Saved Templates that the users chooses to send from. Again, this is what Doc-Gen is for.
In-person signing
Signing rooms
Red-lining (full CLM)
Multilingual
Signer Authentication (although I’m sure it will be something I need to do soon).
Probably SMS authentication is the easiest for the signer.
Identity Verification Integration (but there are some companies that do need this level of feature, and just because they do, does not mean that they need a full CLM functionality).
Bulk e-Signing - sending out multiple documents at once to different people for e-Signing (some companies may need it, but I haven’t worked with that need).
Signer Attachments - signers adding their own attachments
Payments integrated with signing.
NOTEs: Document Generation Requirements
Just noting these here because I’m having difficulty with a Doc Gen app and thinking they are missing basic functionality.
Formatting of dates in any format - no having to create fields to format dates, because Salesforce completely sucks at that.
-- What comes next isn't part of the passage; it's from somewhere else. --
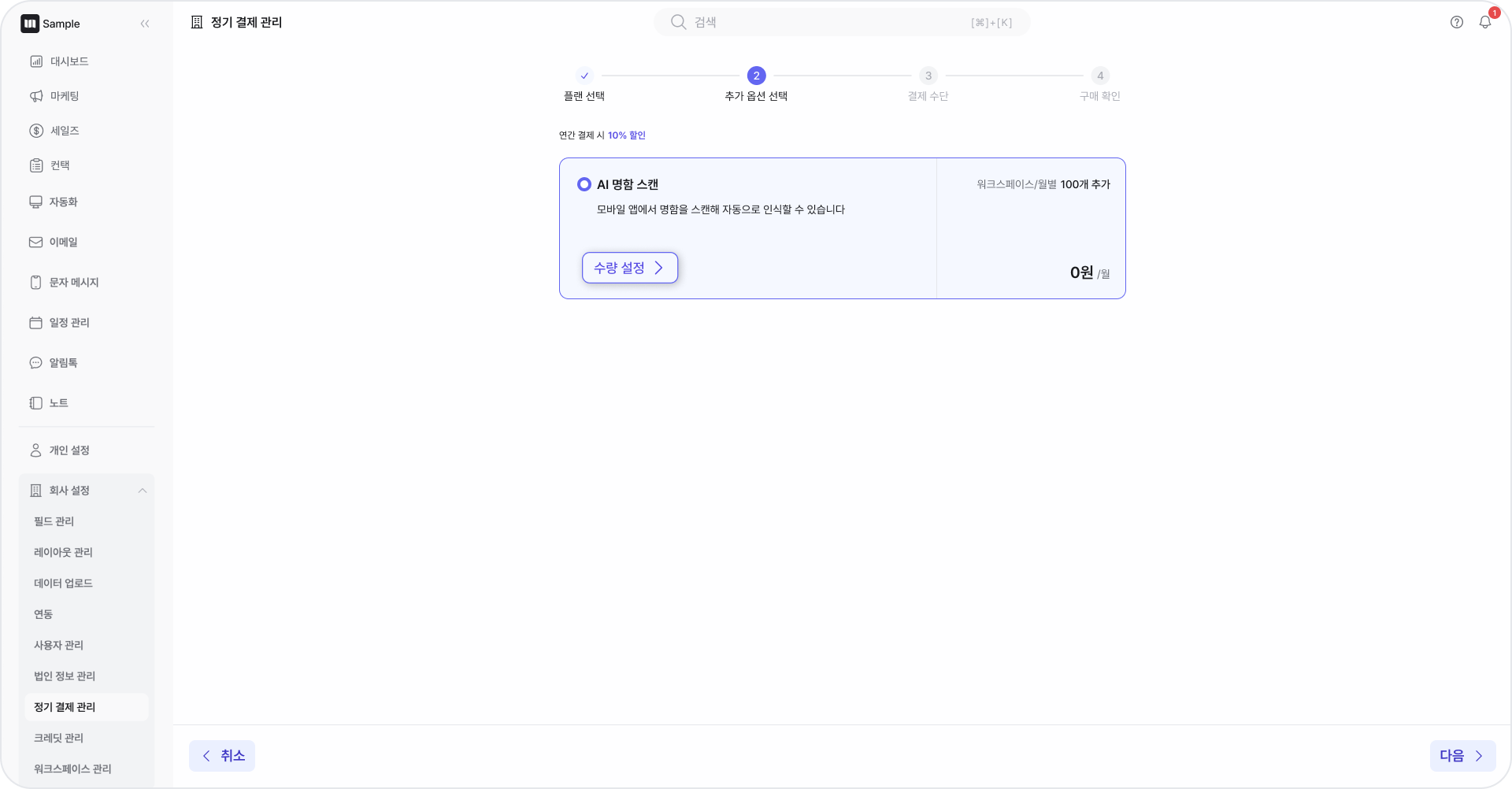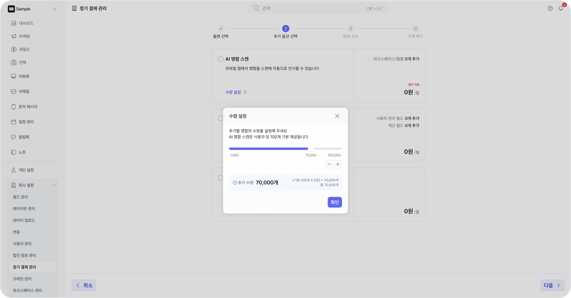 4️⃣ `명함 인식` 의 `수량 설정`을 클릭해 추가를 희망하는 수량만큼 선택합니다.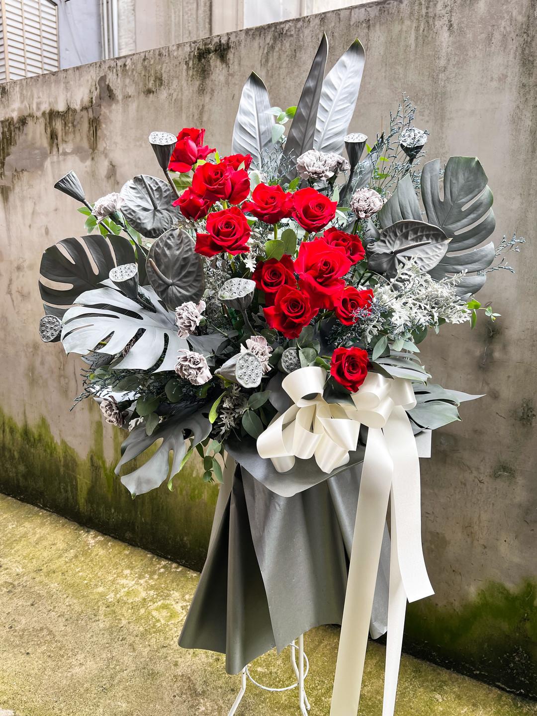 花材:進口紅玫瑰、康乃馨、蓮蓬、龜背芋、尤佳利葉

Formatting currency in any format - bonus points for full excel style formatting where you can format for positive, negative and null values (I’ve never seen that though).
Formatting percentages - with or without decimals, and handling null (eg display as 0%).
Formatting numbers - with or without decimals, and handling nulls.
Conditionally displaying text - easy with Word, I just use Word formulas, but if your Doc Gen solution is not on Word, it needs to be easy and robust and allow for many conditional elements in the document.
Conditionally displaying paragraphs, sections, bulleted list points etc. Your conditional text is not always inline text, it could be whole paragraphs or even pages.
Displaying Images from merge fields - we are not in 1999 anymore - this must be a given. Including Re-sizing the images to fit the desired area.
Displaying HTML from within Salesforce - yes this is hard because Salesforce Rich Text fields suck badly, but you have to be able to do this, at least basically.